Forward build scripts do not explicitly enumerate any dependencies, so to be safe, forward builds must find all of them. In addition to the obvious ones, the example above contains numerous implicit dependencies. For example, git commands depend on the directory contents of .git and the working directory, and the build script itself depends on pipe outputs from those commands. There are also system dependencies, temporary files, pipes set up by subshells and gcc, assembly, object files, and executables themselves. In fact, a number of the build’s commands in the example are not present in the script: cc1, as, collect2, and ld. Finally, this build’s behavior depends on file contents, file metadata, and exit codes returned by commands.
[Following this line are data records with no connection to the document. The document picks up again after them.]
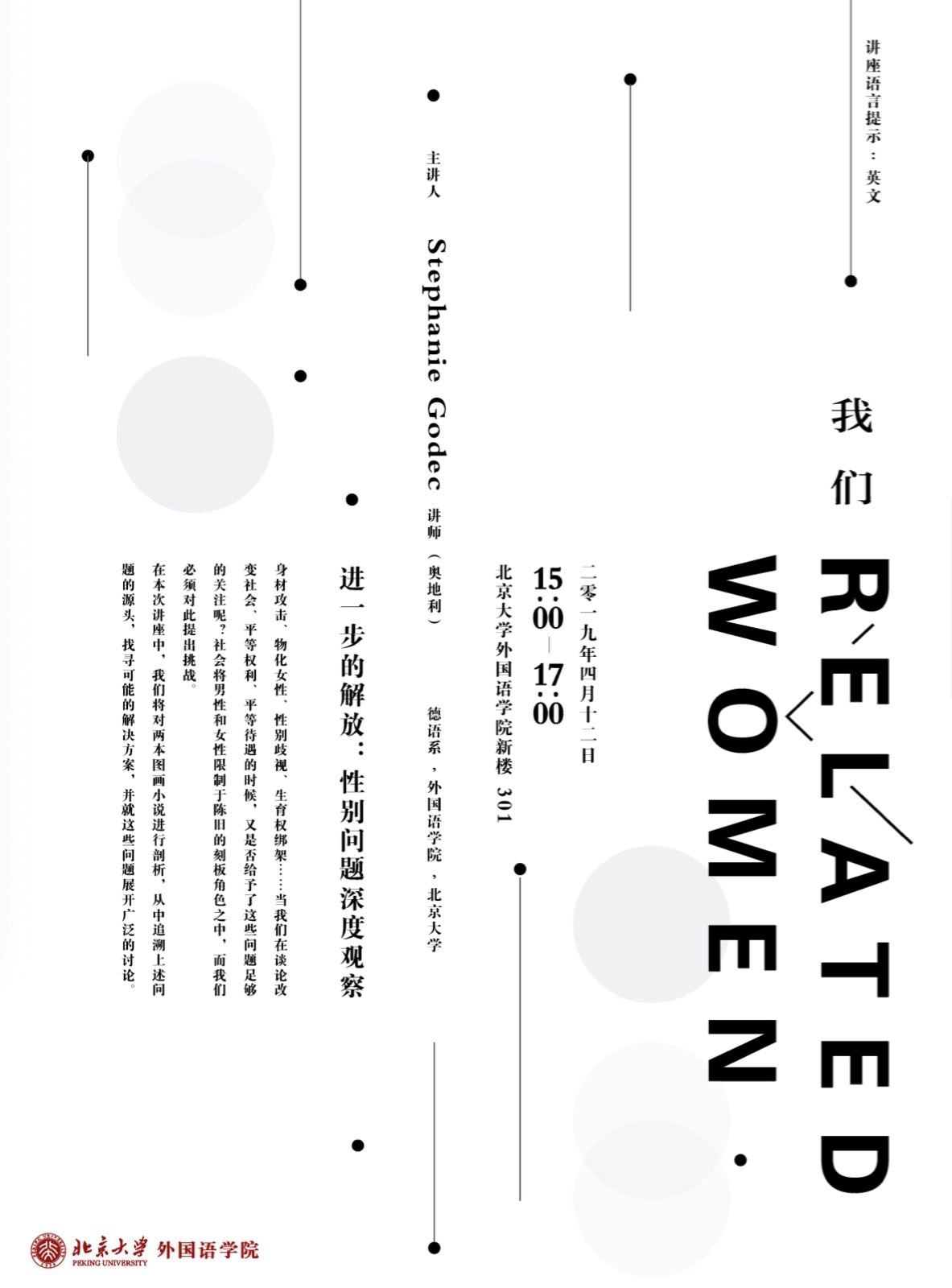 “我们-Wǒmen-Related”专题系列讲座由YAMEI.COM亚美体育(中国)科技公司德语系外籍讲师Stephanie Godec发起和策划,从女性视角出发,关注不同群体中、不同角度下的女性问题。本系列讲座规划开展三场讲座及一场主题讨论活动。2019年4月12日下午,系列第一讲在外院新楼301会议室举行,本场讲座主题为《进一步的解放:性别问题深度观察》,由发起人Stephanie Godec主讲。
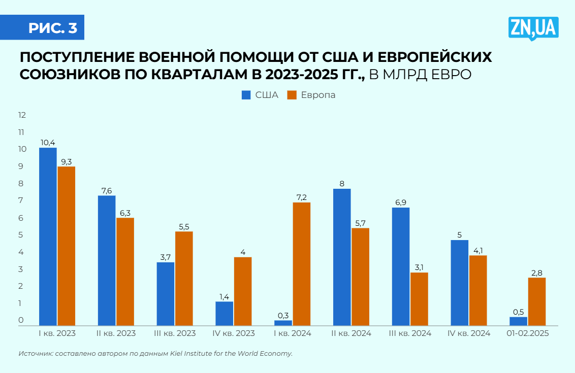 Что касается количественных аспектов этой проблематики, то, по данным Кильского института, военная помощь США в стоимостном измерении равнялась 20,1 млрд евро в 2024 году и 17,8 млрд евро в 2023-м. За январь-февраль 2025-го военной помощи поступило всего лишь на 0,5 млрд евро, а неиспользованное финансирование от предыдущего пакета составило 6,3 млрд евро. Фактические объемы военной помощи США по кварталам и их сравнение с европейской помощью приведены на рис. 3.
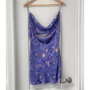 Zara - Whimsigoth Celestial Sun & Moon - Satin Effect Mini Dress Blues/Purple
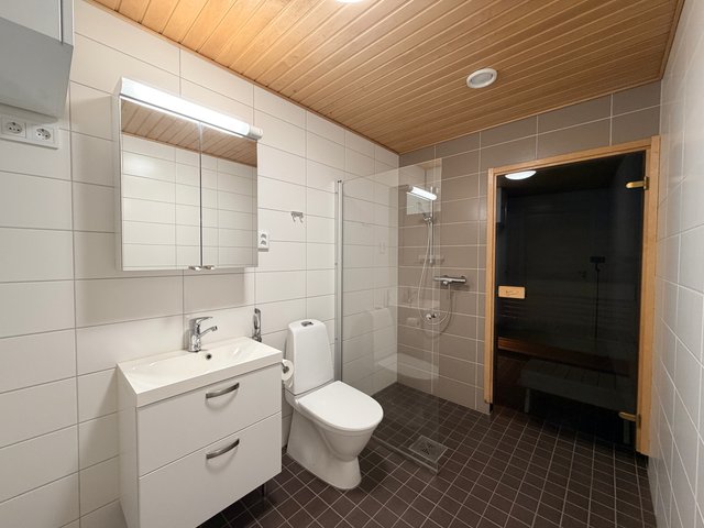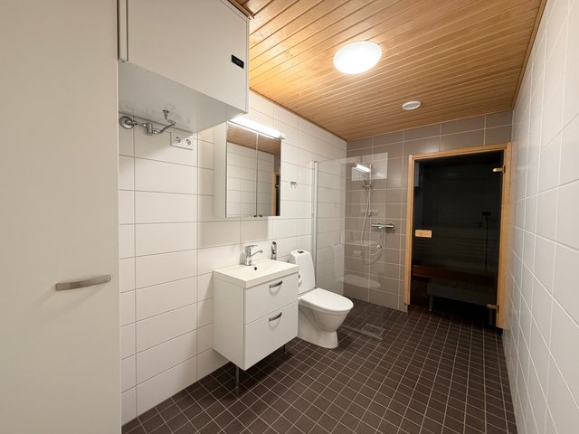 - WC-istuin, suihku, suihkuseinä, pesukoneliitäntä, lattialämmitys, peilikaappi, pesuallas, allaskaappi, ja bidee-suihku

Paths alone are insufficient to disambiguate certain kinds of dependencies. This example, like the one in the introduction (§1), exhibits temporal dependencies. First, several commands create and reuse files with the same name, like temporary files. Logically, these are not the same file: commands that use them immediately truncate their contents to empty files before writing to them. Second, a dependence cycle exists because collect2 both reads the output of ld and conditionally launches ld again in order to regenerate those files. This shows that a dependency used at a later point in time is not necessarily the same as an earlier one.
Builds can exhibit conditional behavior. The motivating example (§2) uses shell globbing, conditionally compiling files depending on the contents of a directory. Command exit codes can also short-circuit builds.
3.2 The TraceIR language
TraceIR is a domain-specific, linear representation of build logic. As forward build tools eliminate the need to provide detailed specifications, TraceIR is not intended to be manually inspected. Instead, its design puts a premium on performance: TraceIR is a machine-readable IR streamed from disk.
LaForge detects changes by comparing an emulated model of the filesystem against the real filesystem. The TraceIR language specifies how modeled state should be updated, and when and how comparisons should be performed. We describe how LaForge uses TraceIR to carry out rebuilds in §4.
3.3 Language Properties
To address the challenges described earlier, we make the following design choices.
Complete dependencies. All state types, or artifacts, that could matter to a build are represented. In addition to files, artifacts include directories, pipes, sockets, symlinks, and special files (like /dev/null). All artifacts have both contents and metadata, which are modeled separately.
Temporal relationships. Although builds can be concurrent, LaForge always observes build events serially (see §5.3). LaForge imposes a total order on TraceIR statements. Referring to an artifact at a given point in time is unambiguous.
Conditional behavior. A TraceIR build transcript represents a single, observed path of execution through a build script. It does not explicitly encode conditional behavior. A single path is sufficient because the only differences that matter are those that occur between the current state and the previously observed build. Whenever a change occurs, the build transcript for the affected command is discarded and regenerated. The updated build transcript represents the path taken by the build script during a rebuild. This approach ensures that LaForge updates build transcripts in time linear to the number of traced commands.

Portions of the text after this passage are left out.